__EXERCISE INSTRUCTIONS__: Shown below are entries with pictures; the line with "The image is" through the line with "図画工作では、画用紙を使って" is the span to retype exactly, and the pictures stay out.

__EXTRACTED INFORMATION__:
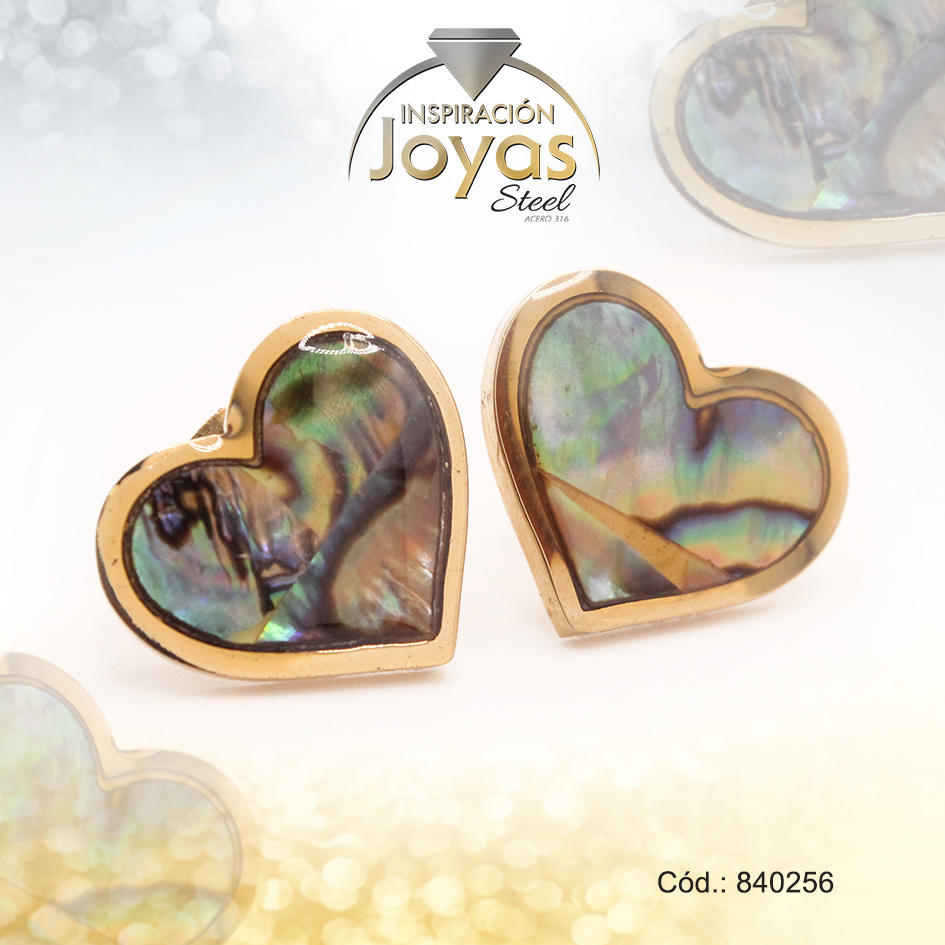 Zarcillo de Acero – Aleación Esmalte – Dorado – Corazón Multi Color – 840256
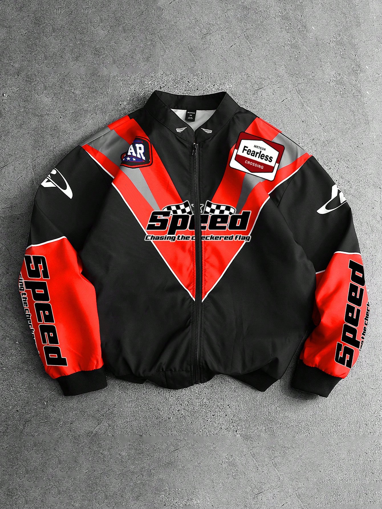 Street Life Spring Casual Graphic Red Men'S Casual Contrast Color Patchwork Letter Print Jacket, Autumn
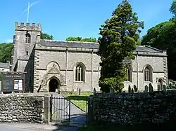 The church is built of stone with a slate roof and consists of a nave, north and south aisles, a south porch, a chancel, and a west tower. The tower has three stages, diagonal buttresses, and a west doorway with a moulded surround, a Tudor arch and a hood mould, above which is a three-light window with a pointed arch. Over this is a small window with a trefoil head, a clock face and bell openings with two lights, and at the top is an embattled parapet with a central gargoyle on each side. Inside, the dado panelling is reused from 17th-century pews, while the current pews date from the 1899 alterations.[1][3]
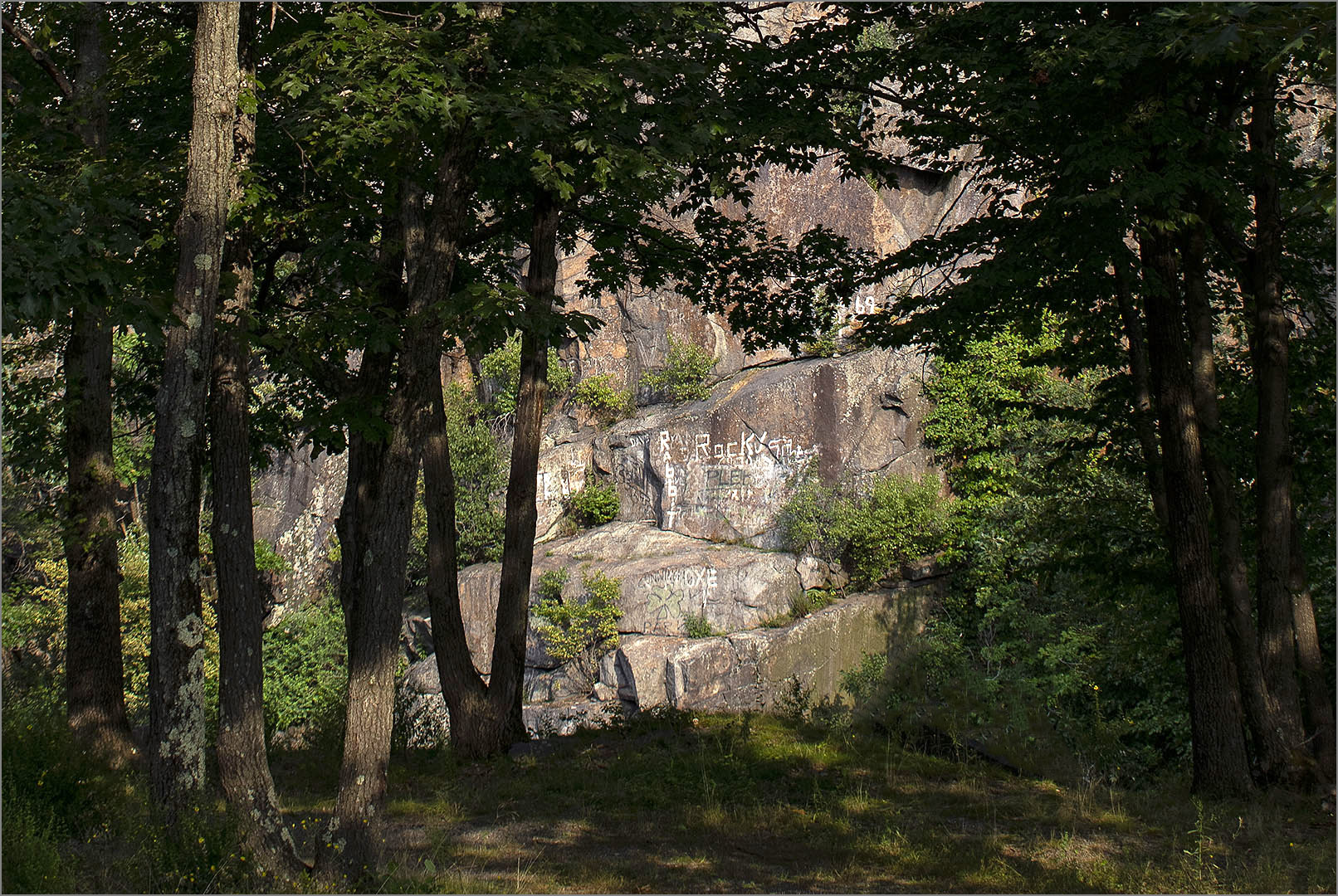 The image is sharp, even cropped in. The graffiti on the rocks is what makes this image. You are fortunate to have such a photographic area close to your house. I would get rid of the distracting dead tree branches in the lower right, and make the image a bit brighter. |
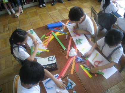 図画工作では、画用紙を使ってネームプレートを作りました。ひらがなによっては、難しい箇所もありましたが、みんな上手に工夫して完成することができました!
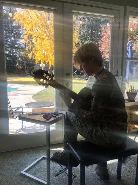 Now about those boys. Titus (just turned 18!) graduated from high-school a year early and is now entering into a classical guitar program at Fresno State which is a short walk from our house across their agricultural fields and orchards. (You can check out his playing on his Youtube channel by clicking here). Joel (16 1/2) is living his dream working for a crazy Hollywood stuntman who invented a machine to eradicate ground squirrels from farm land. He’s literally getting paid to do what he was doing for fun all day in the mountains. He also dabbles in school work on the side in a sad attempt to finish a year early as well. He and Ty are both in the market for a used truck if any of you have any leads. There’s some urgency in this not just for work but they also now have to commute to all their favorite hunting/fishing spots. Also, Joel’s adorable black lab keeps puking in our car and we’ve had enough of that. They’ve amassed quite a following on their other Youtube channel called 4600 Outdoors which chronicles their mad skills of hunting down critters, killing them, and making them taste good. Nate (14 1/2) lives part time at the climbing gym and part time in his own head dreaming about climbing (if any of you knew his Grandpa Jim, you’ll know where that came from). He comes down out of the heights periodically to get his own school work done and to build stuff and is proving to be quite the master craftsman. Sam (12 1/2) is our cowboy without a cow or a horse so has had to settle on herding chickens in our backyard instead. He rides other people’s horses every chance he can get and won his first real silver buckle for first place at the Backcountry Horseman competition by box-hitching a mule in under 2 minutes. He’d learned how the day before. He has a keen business sense and quite an odd-job operation going in the neighborhood. The oddest of which being how he managed to buy all the chickens from his brothers that I had bought for them with the hopes of saving money since they’d each be collecting their own eggs to eat every morning. Now he has a monopoly on the chickens and is charging me for the eggs.  Gideon (8) just loves airplanes, helicopters and anything else that can fly including his two pet parakeets, a blue one named Friday which we purchased on a Saturday and a yellow/green one named Blue which we purchased on a Friday.

__COMPLETED TASK__:
 The image is sharp, even cropped in. The graffiti on the rocks is what makes this image. You are fortunate to have such a photographic area close to your house. I would get rid of the distracting dead tree branches in the lower right, and make the image a bit brighter. |
 図画工作では、画用紙を使ってネームプレートを作りました。ひらがなによっては、難しい箇所もありましたが、みんな上手に工夫して完成することができました!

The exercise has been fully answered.